Now we both suffering I because feel not desired, he because of guilt.
What to do???


----------



## anx (Nov 30, 2010)

This is very common and feeling get hurt on both sides very quickly. You talk to him openly and honestly about this. Get it checked by a doctor if you think is long term or something very out of the ordinary. 
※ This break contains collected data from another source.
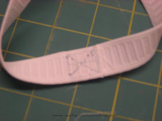 Using a safety pin (because that's how my mom taught me) I then insert the elastic through the casing. I typically start with my waist measurement plus 1" for the length. Once the elastic is through I pin the elastic ends together (maybe this is why I start with a safety pin) and try the skirt on. Of course the elastic always needs to be adjusted but that is simple. After adjusting the fit I sew the elastic together, distribute the fullness, and stitch the opening close. I also make a habit of stitching in the ditch on the side seams to try to keep the elastic from shifting or twisting.
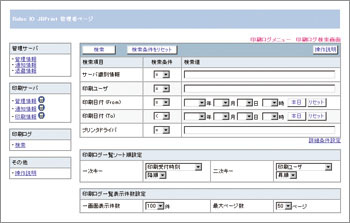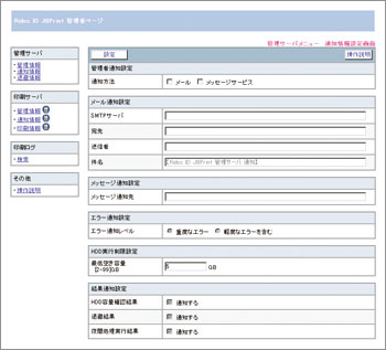 システムに関するエラーが発生した場合の通知方法や、印刷データの保存形式はRAW/EMF/TXT/JPG(管理サーバー上でRAWから変換)などが設定可能です。なお操作画面は、Webブラウザでさまざまな設定が容易に行なえるように設計されています。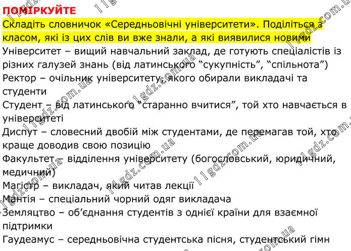 ПОМІРКУЙТЕ Складіть словничок «Середньовічні університети». Поділіться з класом, які із цих слів ви вже знали, а які виявилися новими Університет – вищий навчальний заклад, де готують спеціалістів із різних галузей знань (від латинського “сукупність”, “спільнота”) Ректор – очільник університету, якого обирали викладачі та студенти. Студент – від латинського “старанно вчитися”, той хто навчається в університеті. Диспут – словесний двобій між студентами, де перемагав той, хто краще доводив свою позицію. Факультет – відділення університету (богословський, юридичний, медичний). Магістр – викладач, який читав лекції Мантія – спеціальний чорний одяг викладач.а. Земляцтво – об’єднання студентів з однієї країни для взаємної підтримки. Гаудеамус – середньовічна студентська пісня, студентський гімн.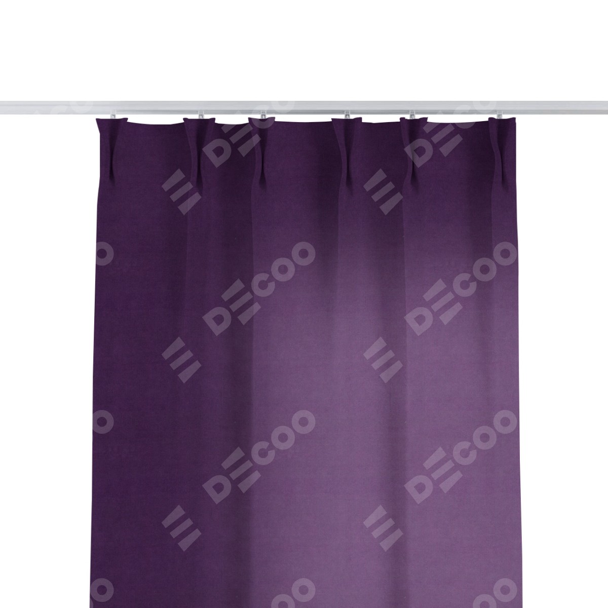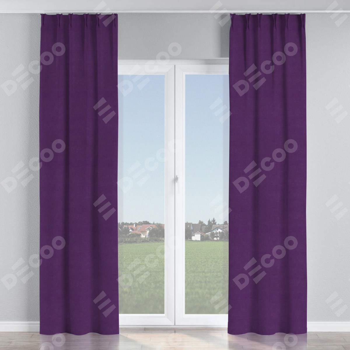 Комплект прямых штор, от производителя «Cortin», пошиты из ткани вельвет тёмно-фиолетовый, артикул ткани 17753. С изнаночной стороны в верхней части штор пристрачивается шторная лента с декоративными складками «Кустик». Для создания элегантных складок прямые шторы шьются по стандарту с коэффициентом 1:2 (на 100 см. ширины проёма 200 см. ширины ткани).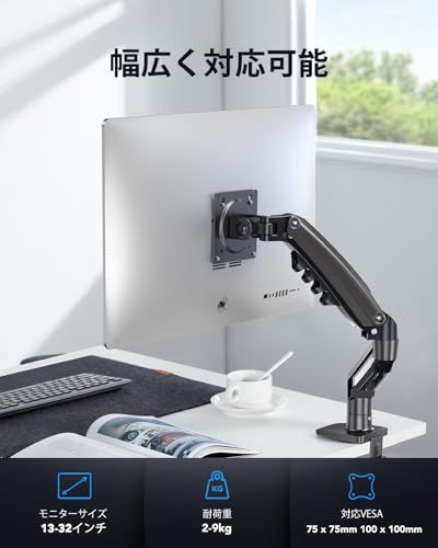 HUANUO (ファーノー) PCモニターアーム 液晶ディスプレイアーム 13?32インチ対応 耐荷重2?9kg ガススプリング式 グロメット式&クランプ式 VESA100*100 多角度調節 ケーブル収納 HNSS6rc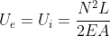 Door het bovenstaande te substitueren in de uitdrukking van de arbeid kunnen we de de vervormingsenergie in de constructie uitdrukking in functie van de interne krachten: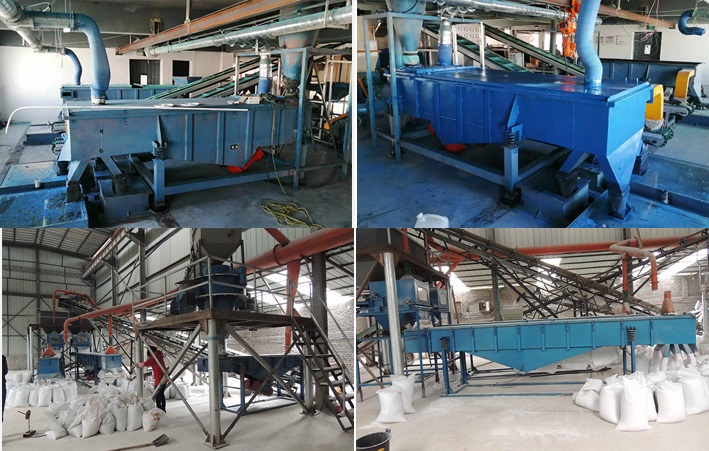 塑料顆粒通過輸送帶進入多層直線篩設備,由于電機激振力和自身重力的雙重作用,塑料顆粒沿直線篩面直線跳躍,上層塑料顆粒在上排料口被篩出,而小于篩網目數的塑料顆粒進入下部篩網,仍沿同一物料運動軌跡。經過三層篩網后,塑料顆粒分為大于2.5mm塑料顆粒、2.5mm-1.4mm塑料顆粒、1.4mm-80目塑料顆粒、小于80目塑料顆粒等四種規(guī)格的材料,還可根據要求選擇6層不通目數的篩網,以實現要求的分級效果。

Stress is a HUGE factor in people's sex lifes. You may have to pick up the slack at home and wait until he is less stressed. Or have him find a different job.


----------



## Smackdown (Feb 21, 2011)

Can you plan a weekend? Like get away and forget all about daily life? My wife and I used to do that, just forget about the kids, the house, the bills and fxxxx like we were 18 again!!! nothing beats it!! I used to bring the toys b/c she'd get embarrassed @ the metal detector....way before 911.
Mouse


----------



## IanIronwood (Jan 7, 2011)

Nuskin said:


> Hello,
> 
> I hope you could help me with some advice or suggestions. We are together for almost 2 years now. We love each other very much. Our sexual life was pretty good, though I have more need in sex and more often then my husband. But everything else was all right, 2, 3 times at week or more.
> Lately my husband ( about 2.5 weeks) does not want sex...Yes he had much of stress at work. My mistake, i was often complaining of not having enough sex so I think I made him feel guilty.
> ...


2.5 weeks? That's not a "dry spell", that's "a momentary rest". Cut the guy some slack. If you really want to improve his mood and decrease his stress enough to take you to pound town, give him a surprise BJ when he least expects it, tell him how proud you are of him for working so hard, and then make a date for some one-on-one time in the near future.


----------



## anx (Nov 30, 2010)

I agree with that. Men aren't that hard to turn on once he gets started.


----------



## nice777guy (Nov 23, 2009)

IanIronwood said:


> 2.5 weeks? That's not a "dry spell", that's "a momentary rest". Cut the guy some slack. If you really want to improve his mood and decrease his stress enough to take you to pound town, give him a surprise BJ when he least expects it, tell him how proud you are of him for working so hard, and then make a date for some one-on-one time in the near future.


:iagree:

That should work...


----------